Awesome idea👍 I'm looking forward to tinkering with everything during the cold months this year... I ended up spoolling up with 15lb line and I couldn't really tell too much of a difference. I did however break off a drum at the knot this morning. Landed one and broke off the second. I even kept my drag plenty loose. The first fish must have put more pressure than I realized...I spooled up again with 20lb and landed one more fish. I'm not going down from 20 again for drum fishing.


----------



## DaBig2na (Aug 7, 2011)

Eltonjohn said:


> Awesome idea👍 I'm looking forward to tinkering with everything during the cold months this year... I ended up spoolling up with 15lb line and I couldn't really tell too much of a difference. I did however break off a drum at the knot this morning. Landed one and broke off the second. I even kept my drag plenty loose. The first fish must have put more pressure than I realized...I spooled up again with 20lb and landed one more fish. I'm not going down from 20 again for drum fishing.

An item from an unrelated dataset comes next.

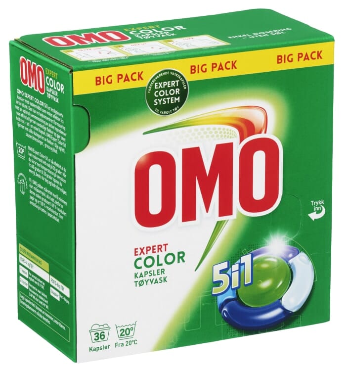 Omo Expert Color Trippel Dose til farget tøy er engangskapsler som løser seg lett opp i vann, og virker effektivt fra første stund.

Did you have your rod tip high when the drum was in the wash? By the time I get the fish in the wash Im on my shock.


----------



## Eltonjohn (Aug 1, 2018)

DaBig2na said:


> Did you have your rod tip high when the drum was in the wash? By the time I get the fish in the wash Im on my shock.


I did not. Shockline was wrapped a few times on spool before I put any pressure on first fish. There were a lot of blues around so maybe one nicked the line idk line broke not long after hookup


----------



## DaBig2na (Aug 7, 2011)

Eltonjohn said:


> I did not. Shockline was wrapped a few times on spool before I put any pressure on first fish. There were a lot of blues around so maybe one nicked the line idk line broke not long after hookup


Ribbon Fish have also been thick... They will bite you off faster than a blue


----------



## Tommy (Jan 24, 2001)

It depends...

In theory, thinner line (15 lb test) will cast farther that thicker (20 lb) line. It is lighter and less wind resistance. But... Thinner line requires tuning adjustments, especially if you are operating on the hairy edge of disaster already. Thinner line filled to the same spool capacity (distance from lip) comes off the spool differently than the thicker line. I call this natural braking. The rotating mass reduces much faster with the thicker line and acts as braking for the spool. Think of it as a flywheel, bigger heavier flywheel will have more centrifugal force and want to "overspeed" worse. Thinner line drops slower (spool capacity) than does heavy line. This can require MORE mag/thumb/brakeblocks to control the mid cast back lash. 

So, the only real way to know what works best for you is to spend some quality field time measuring casts performed with your gear. Make 10 or more casts with the 20, then switch to the 15 and make at least the same number of casts. You may be surprised with your results.

Tommy


----------



## BeachBob (Aug 27, 2010)

Eltonjohn said:


> I'll just experiment. I lost a nice fish earlier this year because
> I didn't take garbomans shockleader knot advice and I had a 3 turn surgeons knot. Broke me off at the knot. That was on a 15lb big game mainline on a spinner. Ive since learned the Bimini twist.


The BT is too big a knot for the guides and is a pain to tie.

The Uni to blob or overhand is a tiny knot that can be done blindfold on a dark, wet and cold beach night and has never failed me - the main line will pop first.


----------



## Benji (Nov 19, 2014)

BeachBob said:


> The BT is too big a knot for the guides and is a pain to tie.
> 
> The Uni to blob or overhand is a tiny knot that can be done blindfold on a dark, wet and cold beach night and has never failed me - the main line will pop first.
> 
> View attachment 69042


A lot of people tie a spider hitch instead of a bt although the bt is better. They both will go through the guides just fine.


----------



## BeachBob (Aug 27, 2010)

Benji said:


> A lot of people tie a spider hitch instead of a bt although the bt is better. They both will go through the guides just fine.


For me, the UB is micro in size but mega in strength while the BT and spider are just a pain to tie and too dang big.


----------